MATERIAL FOR THIS TASK:
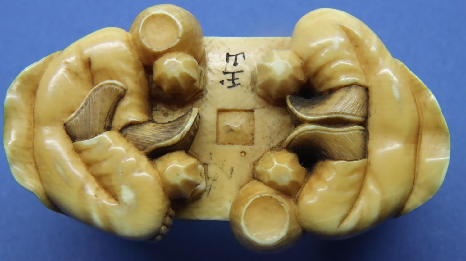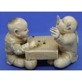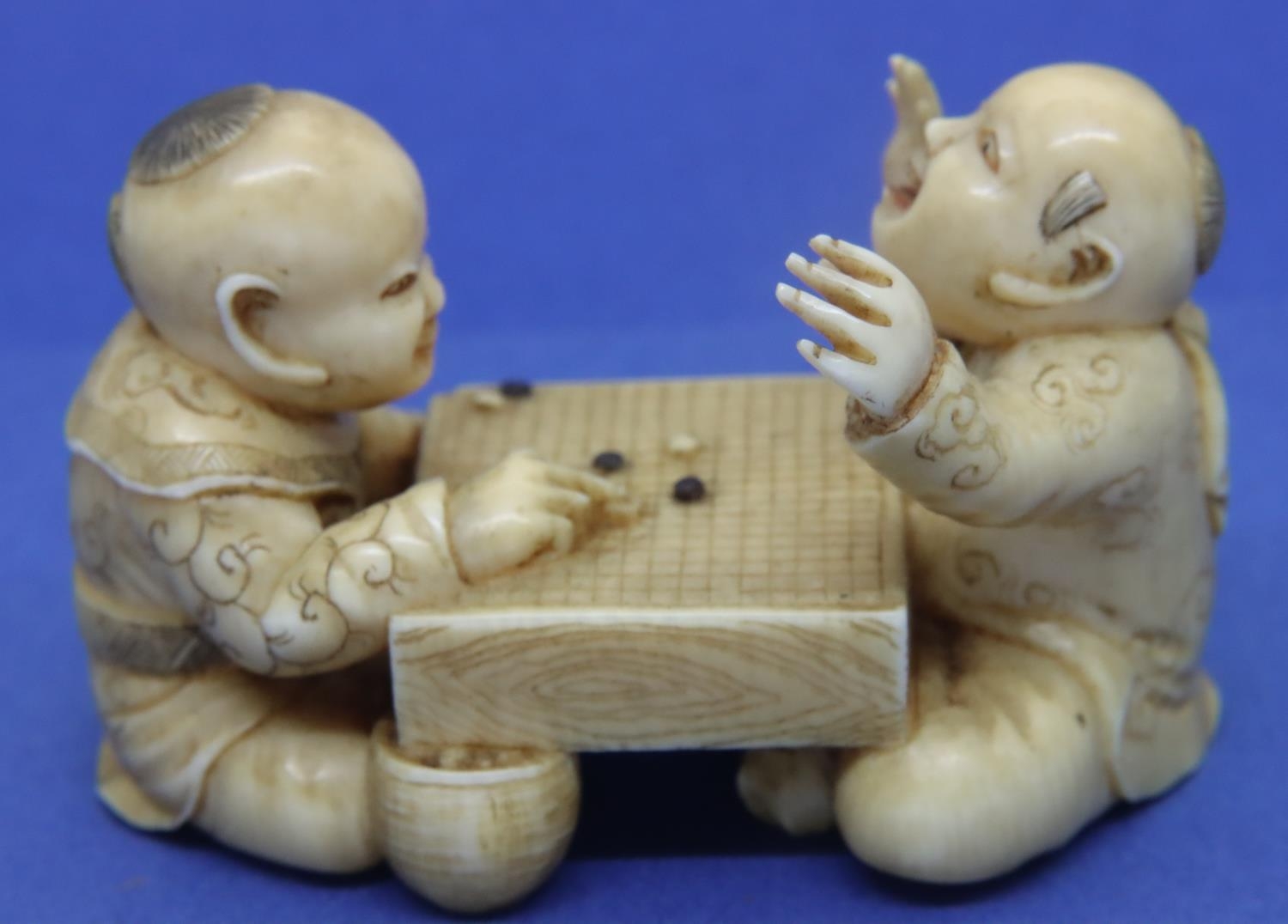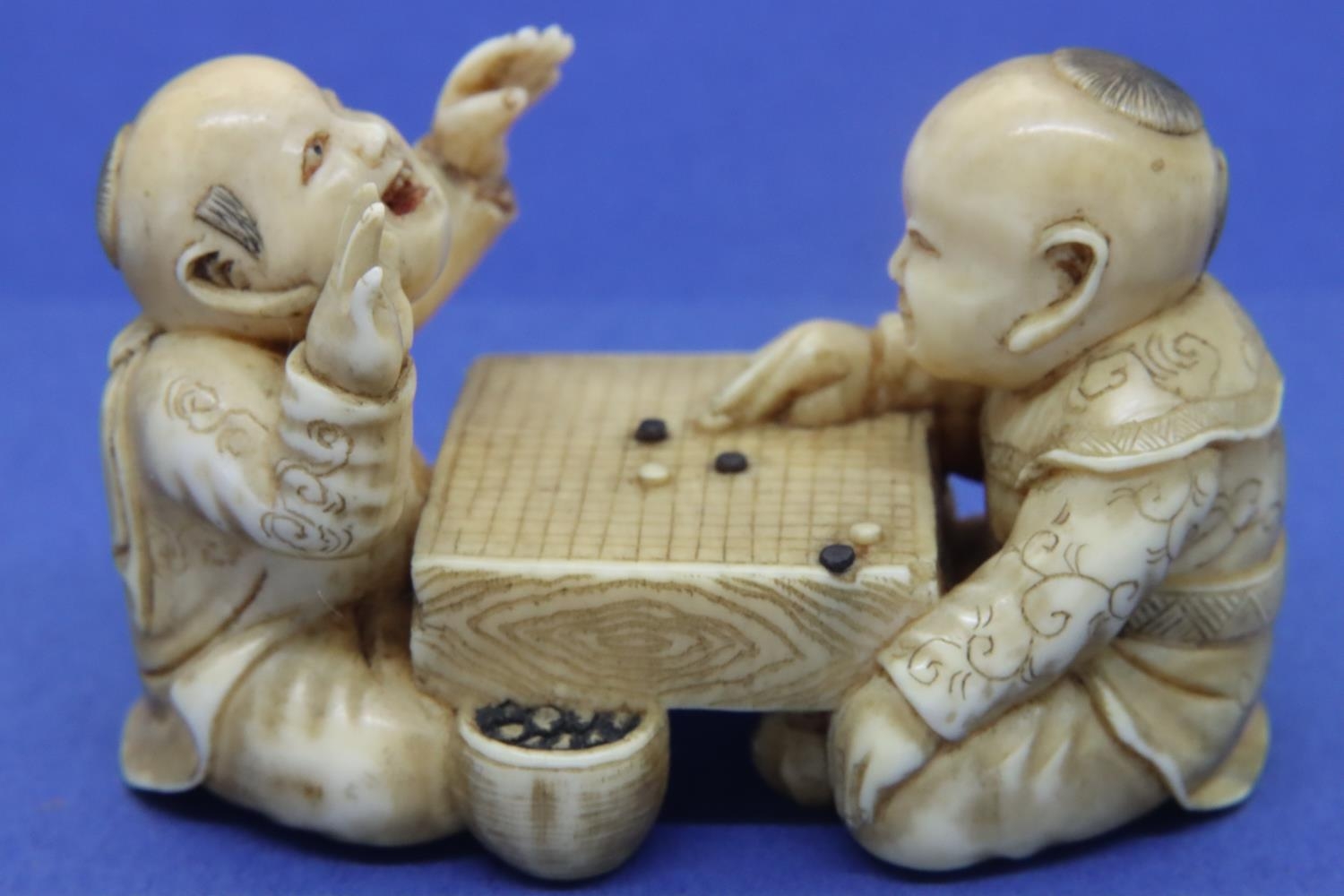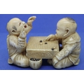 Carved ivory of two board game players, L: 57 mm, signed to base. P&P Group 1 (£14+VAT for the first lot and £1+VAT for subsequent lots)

---

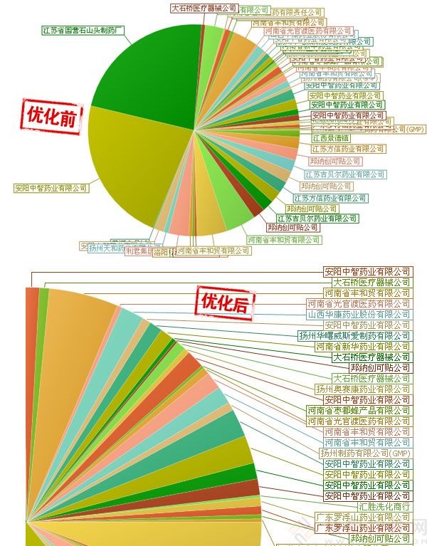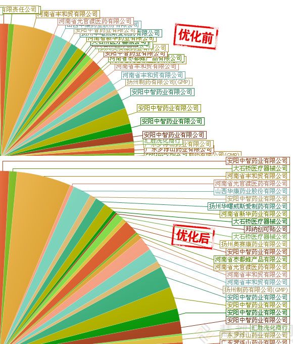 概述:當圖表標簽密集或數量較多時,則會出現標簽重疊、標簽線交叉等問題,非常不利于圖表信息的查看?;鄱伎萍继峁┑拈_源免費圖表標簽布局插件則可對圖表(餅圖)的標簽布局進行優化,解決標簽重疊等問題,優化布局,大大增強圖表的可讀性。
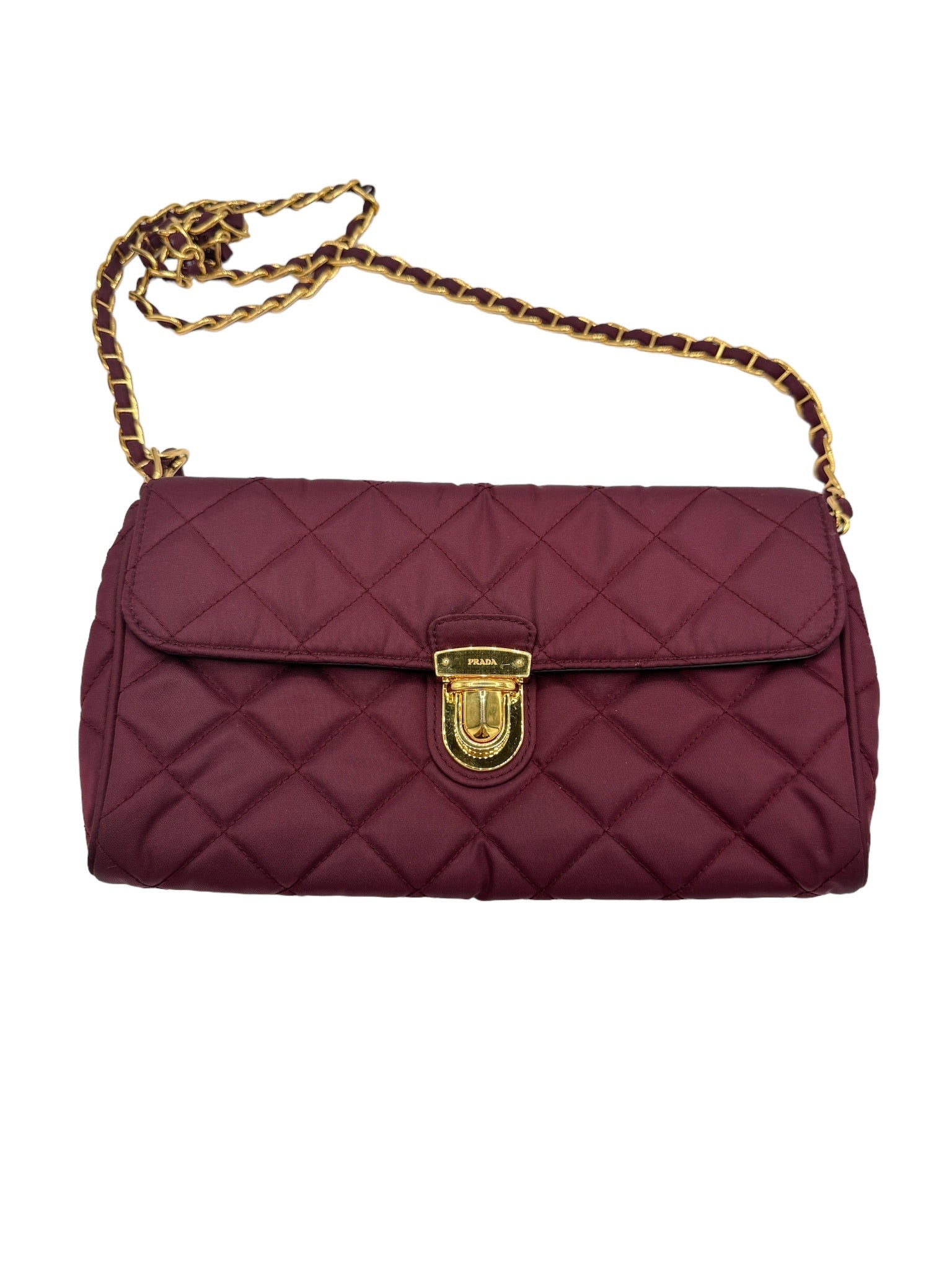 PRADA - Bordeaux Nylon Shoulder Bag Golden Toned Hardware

==

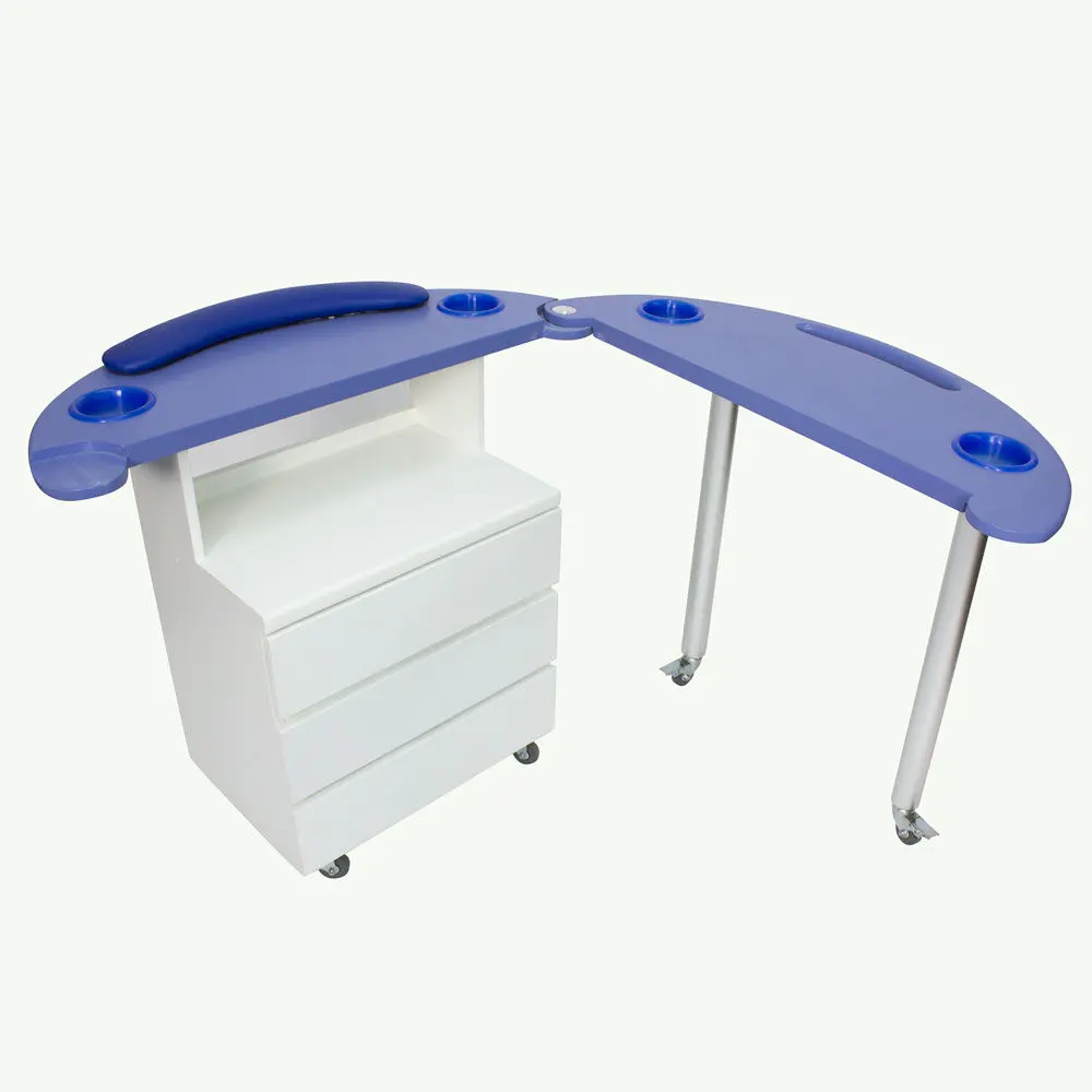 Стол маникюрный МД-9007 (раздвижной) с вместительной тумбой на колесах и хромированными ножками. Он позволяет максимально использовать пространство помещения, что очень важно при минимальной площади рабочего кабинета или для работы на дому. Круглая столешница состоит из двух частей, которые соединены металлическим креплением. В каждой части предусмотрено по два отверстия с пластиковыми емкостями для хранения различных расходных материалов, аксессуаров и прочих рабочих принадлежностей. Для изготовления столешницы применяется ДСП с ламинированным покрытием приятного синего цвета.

PROBLEM STATEMENT: From the data above, retype only the lines starting with the line with "概述:當圖表標簽密集或數量較" and going on through the line with "PRADA - Bordeaux", exactly, leaving out the pictures.

ANSWER TO THE EXERCISE:
 概述:當圖表標簽密集或數量較多時,則會出現標簽重疊、標簽線交叉等問題,非常不利于圖表信息的查看?;鄱伎萍继峁┑拈_源免費圖表標簽布局插件則可對圖表(餅圖)的標簽布局進行優化,解決標簽重疊等問題,優化布局,大大增強圖表的可讀性。
 PRADA - Bordeaux Nylon Shoulder Bag Golden Toned Hardware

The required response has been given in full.